Just underneath that sign there’s another post that reads “notice of eviction.”
The 500 sq. ft. plot is the creation of Andrew Poucher, who, four years ago, planted its first seed, shortly before his son Arlo was born. Poucher and his wife had just moved to Victoria when they realized they were pregnant.
Without any jobs they realized they needed to settle down and try to establish themselves; the garden was one way to help out.
“We didn’t need it to survive, but it was an affordable way to get some vegetables and an inexpensive hobby,” Poucher said.
|Andrew Poucher plants a cucumber seed in his garden in Fernwood. Poucher thought the garden was on public property when he started it four years ago, but recently discovered it belonged to School District 61. The district has threatened to demolish the garden. Nicole Crescenzi/VICTORIA NEWS|
The couple looked at nearby community gardens, but most had wait lists of a year or more. That’s when Poucher noticed the corner in a park near their home that was disheveled and covered in glass and needles, but that appeared to have once been a garden based on some overgrown boxes and loose stone walls.
“We poked around and asked some neighbours and everyone seemed happy with the idea,” he said, of bringing the greenery back to life.

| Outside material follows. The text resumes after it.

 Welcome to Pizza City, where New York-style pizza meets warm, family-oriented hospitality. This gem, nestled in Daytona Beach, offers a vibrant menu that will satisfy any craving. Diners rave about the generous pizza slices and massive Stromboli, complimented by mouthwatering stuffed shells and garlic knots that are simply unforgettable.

Poucher said they never reached out to anyone from the City of Victoria. “We didn’t do our due diligence in research, I take full responsibility for it.”
So they started the garden, and have continued to grow fruit, nuts, hops, and edible flowers. Poucher thinks of it as a community zone that he wants other people to use, and he encourages people to take some of the food if they’re hungry.

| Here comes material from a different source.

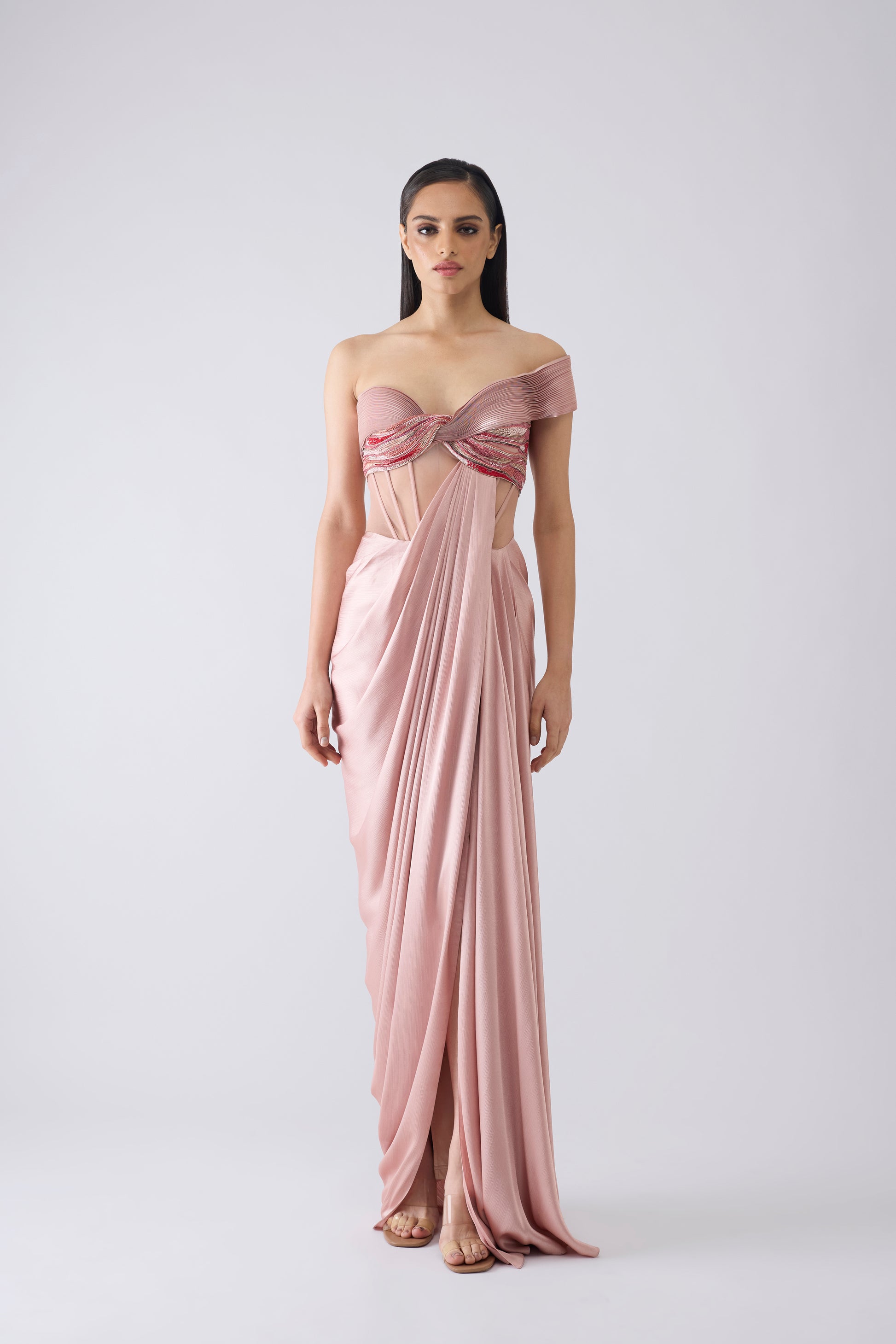 Moulded metallic micro pleated gown with glass beads in satin chiffon .

|Arlo Poucher shows off some plants he harvested from his garden in Fernwood. The garden is at the centre of a property dispute after School District 61 realized it belongs to them. Nicole Crescenzi/VICTORIA NEWS|
But in late April he went to the garden to find a business card from School District 61 asking him to call them.
Poucher was told that the property belonged to the school, that he was trespassing, and that the garden would be removed within the week.

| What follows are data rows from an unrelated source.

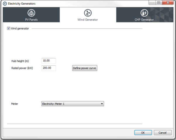 This dialog allows you to describe a wind generator supplying electrical power to the building.
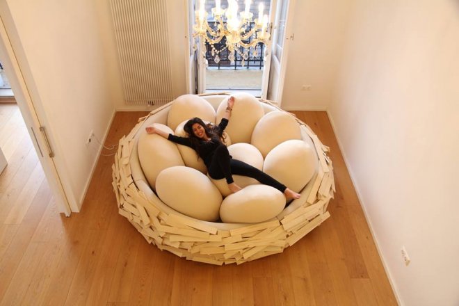 ▼7.巨型鳥巢床,在鳥蛋抱枕上睡覺超舒服。
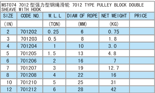 產(chǎn)品描述:該款閉口鋼絲繩滑輪雙輪鉤式是區(qū)別于強(qiáng)力型開(kāi)口或者強(qiáng)力型閉口滑輪的產(chǎn)品,該款滑車(chē)結(jié)構(gòu)簡(jiǎn)單,輪子里面不帶銅套或者軸承,屬于鋼絲繩滑車(chē)?yán)锩娴牡蜋n產(chǎn)品,主要出口到臺(tái)灣,南美洲,東南亞等地區(qū)。產(chǎn)品的尺寸和拉力設(shè)計(jì)同開(kāi)口滑輪的尺寸和拉力是一致的,從2寸到12寸,拉力從0.25T 到6T,能滿(mǎn)足大部分的需求。

“I started calling around, apparently someone had made a complaint to the City,” Poucher said. “The school board didn’t realize it was their property until they pulled out their land survey and saw their property lines.”
Poucher said he was told the school board was going to bulldoze the lot and cover it in grass seeds. He was later told he would have some additional time until a board meeting takes place, possibly as soon as May 15.
In the meantime, Poucher has started a petition to save the garden that has gathered more than 500 signatures.
Tom Ferris, SD61 vice-chair said the district and the City will need the property for future plans, including a rebuild of Victoria High School.
“We’re looking at a new community plan for that area, and I suspect the City and the school board will be working together to see what that will involve,” he said. “With that in mind, it probably would not be a good thing for us to have somebody cultivating the land.”
Ferris said that it’s not an unusual situation because the school board owns a lot of property, some of it quite small and in remote places, that the school board doesn’t have a budget to regularly maintain. He said one of the main concerns now that they are aware of the garden is liability.
While no official decision has been made yet, Ferris said he believes the board will let Poucher finish harvesting for this season before getting rid of the garden.
“We’re don’t want to be mean spirited,” he said. “We’re people too, and understand that he has an attachment to the garden… it’s just on our property.”